Rondônia vota contra o bolso do consumidor? Veja quem apoiou projeto que aumenta conta de luz

Redação Portal Norte

A conta de luz dos brasileiros pode subir até 3,5% nos próximos anos após o Congresso Nacional derrubar vetos do presidente Luiz Inácio Lula da Silva (PT) a trechos de um projeto de lei que trata da geração de energia eólica em alto-mar.

A votação, que ocorreu na última terça-feira (17), teve apoio da maioria dos parlamentares de Rondônia, mesmo diante de alertas de especialistas sobre os impactos financeiros da medida.

Entidades como a Frente Nacional dos Consumidores de Energia (FNCE) e a Abrace Energia afirmam que os trechos retomados pelo Congresso podem gerar um custo adicional de até R$ 197 bilhões, que deve ser repassado diretamente ao consumidor final.

Como votou a bancada de Rondônia

Entre os oito deputados federais e três senadores de Rondônia, apenas Lúcio Mosquini (MDB) votou para manter o veto presidencial e tentar barrar os pontos que devem provocar o aumento da conta de luz.

Os demais parlamentares se dividiram entre votos pela derrubada, voto em branco e abstenções.

Veja como cada parlamentar de Rondônia votou na medida que aprova aumento da conta de luz:

Senadores

  • Confúcio Moura (MDB) — votou pela derrubada do veto
  • Jaime Bagattoli (PL) — votou pela derrubada do veto
  • Marcos Rogério (PL) — votou pela derrubada do veto

Deputados federais

  • Lúcio Mosquini (MDB) — votou para manter o veto
  • Lebrão (União) — votou pela derrubada do veto
  • Maurício Carvalho (União) — votou pela derrubada do veto
  • Silvia Cristina (PP) — votou pela derrubada do veto
  • Thiago Flores (Republicanos) — votou pela derrubada do veto
  • Coronel Chrisóstomo (PL) — voto em branco
  • Dr. Fernando Máximo (União) — voto em branco
  • Cristiane Lopes (União) — abstenção
Senadores de Rondônia votaram pela derrubada do veto que mantém projeto – Foto: Divulgação/Senado Federal

O que diz o projeto e por que pode encarecer a energia?

Os trechos retomados pelo Congresso obrigam o governo a contratar determinados tipos de energia, mesmo sem necessidade técnica comprovada.

De acordo com nota técnica de 12 entidades do setor elétrico, isso distorce o planejamento do sistema, amplia o risco de desperdício e aumenta os custos que recaem sobre o consumidor.

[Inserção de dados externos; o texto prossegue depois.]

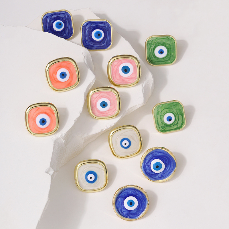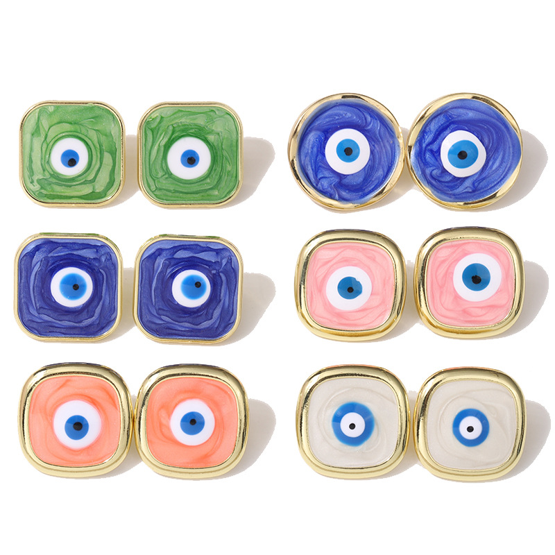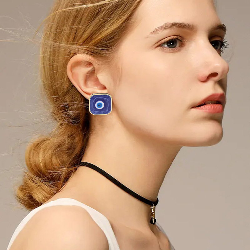 新款欧美恶魔之眼正方形耳钉 滴油潮流女款轻奢简约耳饰耳环批发 English | 投诉

Principais pontos da proposta que geram impacto financeiro:

Contratação obrigatória de pequenas centrais hidrelétricas (PCHs):

  • Impacto estimado: R$ 140 bilhões
  • O projeto obriga a contratação de 4,9 GW de energia, mesmo sem necessidade atual, criando sobreoferta.

Energia do etanol e eólicas regionais:

  • Impacto estimado: R$ 33 bilhões
  • Determina a contratação de hidrogênio a partir do etanol no Nordeste e energia eólica no Sul, com alto custo.

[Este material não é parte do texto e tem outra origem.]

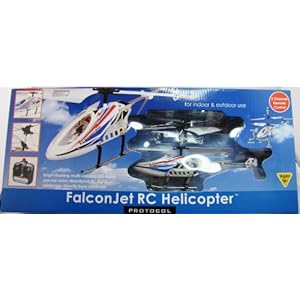 Protocol FalconJet RC helicopter is a marvel of maneuverability in flight. With its omni-directional 3 channel infrared remote control and co-axial auto-stabilizing rotors, the 7858-6 falconjet rc helicopter provides pinpoint accuracy and responsiveness for precise indoor and outdoor flight! Realistic details such as its flashing multi-colored LED light complete the experience. Protocol's 7858-6 falconjet rc helicopter is RC at its best ... roger that! Remote requires 6 AA batteries (not included) Helicopter charges directly through remote control transmitter.

Prorrogação de contratos do Proinfa por 20 anos:

  • Impacto estimado: R$ 24 bilhões
  • O programa de incentivo às fontes alternativas continuará exigindo repasses bilionários.

No total, o impacto estimado apenas dos vetos derrubados já chega a R$ 197 bilhões. Se os demais trechos ainda pendentes de votação forem aprovados, o custo pode atingir R$ 545 bilhões até 2050, segundo as associações.

O que ainda falta ser votado

O projeto ainda inclui outros trechos que, se aprovados, podem aumentar ainda mais o custo da energia. Veja o que ainda está em debate:

  • Extensão de usinas a carvão: R$ 92 bilhões
  • Subsídios às térmicas a gás: R$ 155 bilhões
  • Manutenção de subsídios à energia solar: R$ 101 bilhões

Se todos esses pontos forem mantidos, a estimativa é de que o consumidor brasileiro pague a conta ao longo das próximas décadas.